#### [RAW DATA]
----

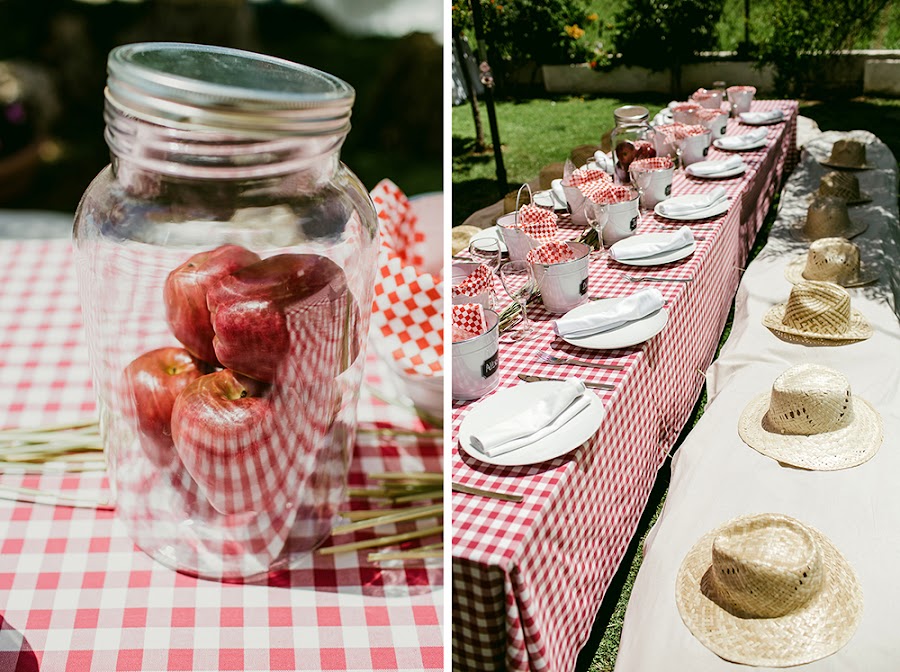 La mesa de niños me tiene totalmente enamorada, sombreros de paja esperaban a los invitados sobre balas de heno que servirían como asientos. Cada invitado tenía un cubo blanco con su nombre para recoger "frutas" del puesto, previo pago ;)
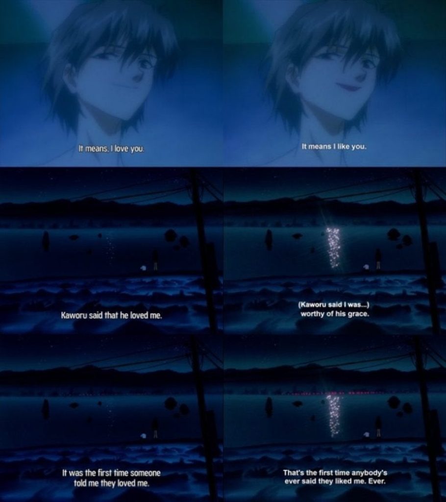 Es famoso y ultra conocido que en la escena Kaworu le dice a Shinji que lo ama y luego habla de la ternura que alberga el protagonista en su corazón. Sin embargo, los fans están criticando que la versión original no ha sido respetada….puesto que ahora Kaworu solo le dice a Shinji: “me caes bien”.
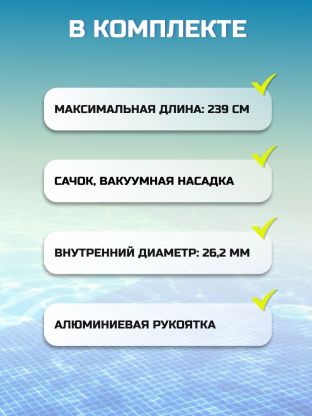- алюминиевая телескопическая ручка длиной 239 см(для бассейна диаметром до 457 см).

----

#### [TRY IT]
Please restate word for word each line from the one containing "Es famoso y" to the end of the data above, without the pictures.

#### [TASK RESPONSE]
 Es famoso y ultra conocido que en la escena Kaworu le dice a Shinji que lo ama y luego habla de la ternura que alberga el protagonista en su corazón. Sin embargo, los fans están criticando que la versión original no ha sido respetada….puesto que ahora Kaworu solo le dice a Shinji: “me caes bien”.
- алюминиевая телескопическая ручка длиной 239 см(для бассейна диаметром до 457 см).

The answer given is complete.